Thanks grumpy for the comment above!

Continuation of the response to Opencode (part 3 of 3):

Opencode would like me to pinpoint what my true objection to code sharing really is, among the ones I listed at various points in the post and comments:

You've mentioned several things, but I'm having a hard time actually pinning down your major objection to releasing your code. You've mentioned:
(1) The burden of preparing it for release. I hope I've addressed this, and there are certainly ample examples of labs that do it efficiently so that I hope it's clear this can be done.
(2) The burden of answering inquires. As I've said, with enough documentation to reproduce your results, I don't find it necessary to provide any more support unless there is a serious follow-up claim from an expert trying to validate something specific.
(3) The threat of misappropriation. As I noted, this can be taken care of legally. While there is some risk, it's the same type of risk we accept when publishing anything.
(4) (Added by GMP): The threat of losing the edge, as described in comment at 10:23 AM


The answer is "all of them". For codes of type (a) in my my comment at 10:23 AM, where the codes are not unique, I guess the barrier is that of preparing the release (1), followed by answering inquires (2). Misappropriation (3) is a slight concern.
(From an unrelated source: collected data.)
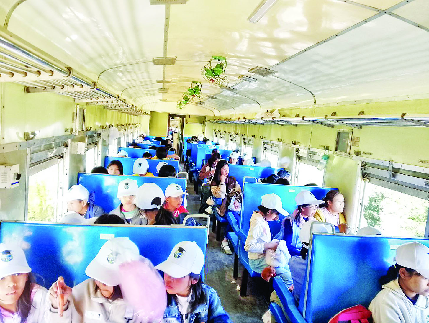 ယနေ့ နံနက် ၉ နာရီတွင် တောင်ကြီးဘူတာမှ စတင်ပြေးဆွဲသည့် ရထားခရီးစဉ်တွင် တောင်ကြီးတက္ကသိုလ်မှ ဆရာ ဆရာမ ၁၂ ဦး၊ အေးသာယာမြို့နယ် အစိုးရနည်းပညာကောလိပ် (GTC) မှ ကျောင်းသား ကျောင်းသူ ၅၀၊ အောင်ပန်းမြို့ရှိ GELC ကိုယ်ပိုင်အလယ်တန်းကျောင်းမှ ဆရာ ဆရာမနှင့် ကျောင်းသား ကျောင်းသူ ၆၂ ဦးနှင့် အများပြည်သူ ရထားစီးခရီးသည် ၉၀ စုစုပေါင်း ခရီးသည် ၂၁၄ ဦး လိုက်ပါစီးနင်းကြသည်။ ထို့အတူ ရုံးပိတ်ရက် စနေနေ့ဖြစ်သော ဒီဇင်ဘာ ၆ ရက် ခရီးစဉ်၌ တောင်ကြီးမြို့ရှိ Sure the Children (Shan State NGO)မှ ၃၀၊ ကန်ကြီးရပ်ကွက် အဖွဲ့သူအဖွဲ့သားများ ၆၀ နှင့် အများပြည်သူ ရထားစီး ခရီးသည် ၁၂၄ ဦး လိုက်ပါစီးနင်းခဲ့ကြသည်။
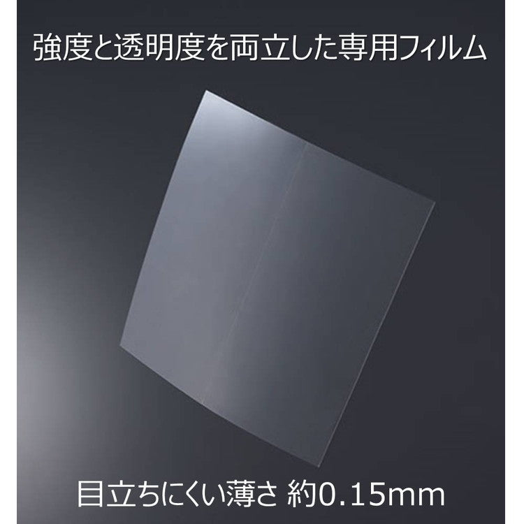 シール本体は強度と透明度を両立した専用フィルム。約0.15mmと薄いので、家具やキャビネットに貼っても目立たずご使用いただけます。また、製品の剥離シート外形を対象物端部に合わせると容易に適正設置位置に設置出来ます。
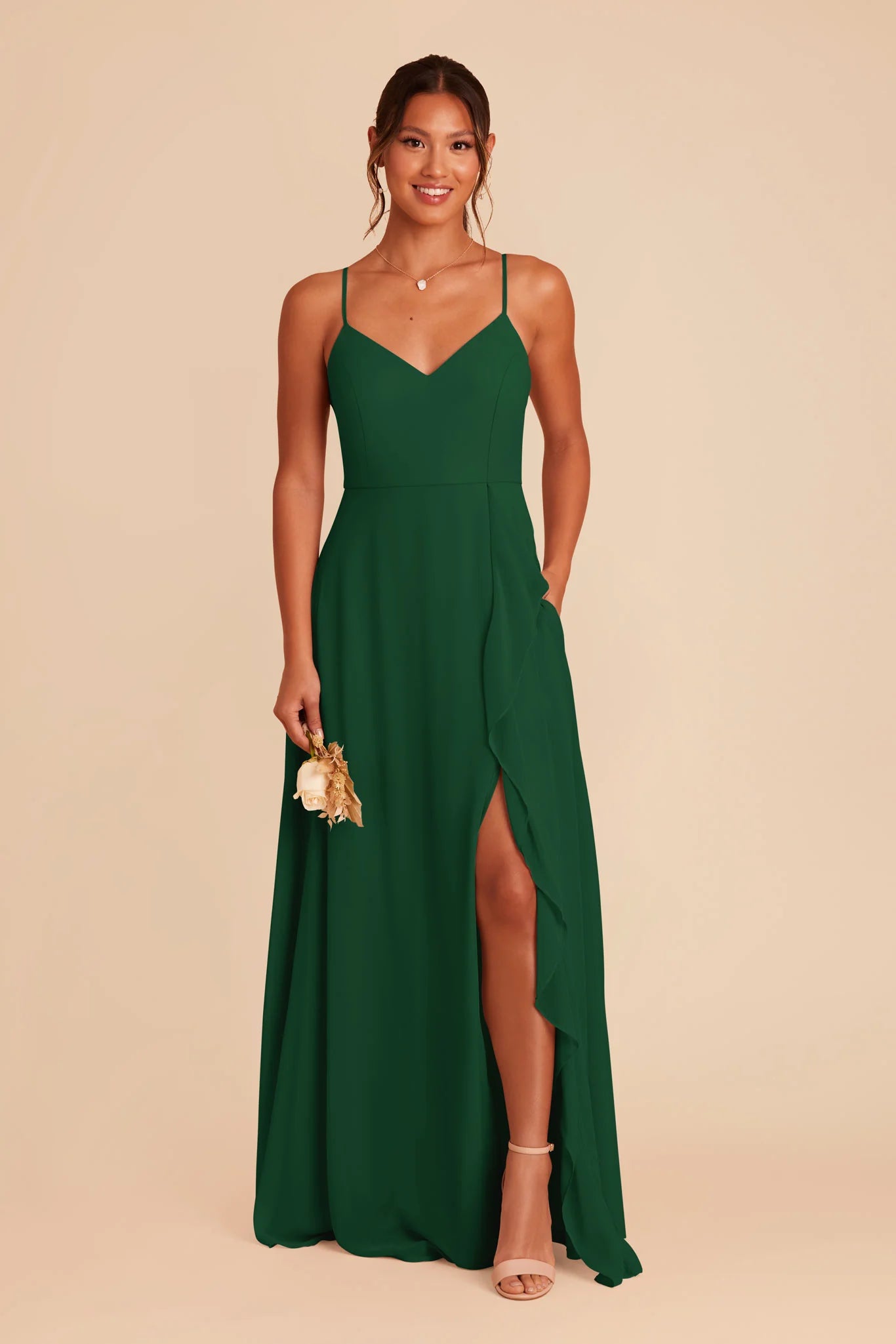 Show a little leg in an airy chiffon bridesmaid dress with a dramatic cascade ruffle slit and thin, convertible straps.
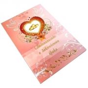 Обложка плотный картон, ламинирован плёнкой с типографской фотопечатью + тиснение золотистой фольгой (буквы). Внутри вклеен прозрачный файл для свидетельства. Размер А4
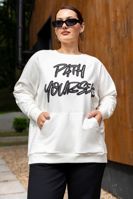 Джемпер прямого кроя с дизайнерской печатью, полочка с накладным карманом.Джемпер с притачными рукавами и манжетами.
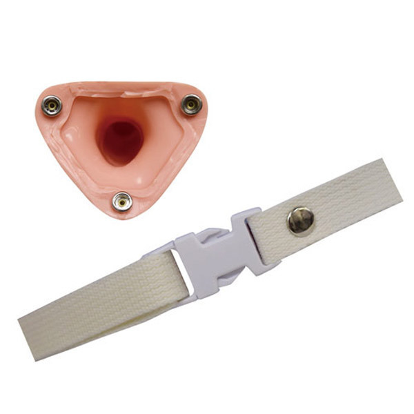 ●反り立った逞しいディルド●全長13cm×最大径3.5cm●亀頭部分は柔らか素材仕上げ●サック風に装着する空洞タイプ●三か所をスナップボタンで固定●ベルトはアジャスター調節可能。

For codes of type (b), where the codes themselves are novel and unique, losing the edge (4) is the most critical concern [I suppose it comes with the threat of misappropriation (3)], followed by (1) and (2). Btw, the code in the original post is one of type (b) codes.

My attitude towards sharing codes is certainly influenced by my career stage (I still have a lot to prove) and the practices in the field (sharing not viewed as common or prudent). I understand and respect the rationale behind the open source movement, and I appreciate your comments and the offer to help lower the barrier regarding code releases. (I also welcome a continuation of this conversation, here or offline.)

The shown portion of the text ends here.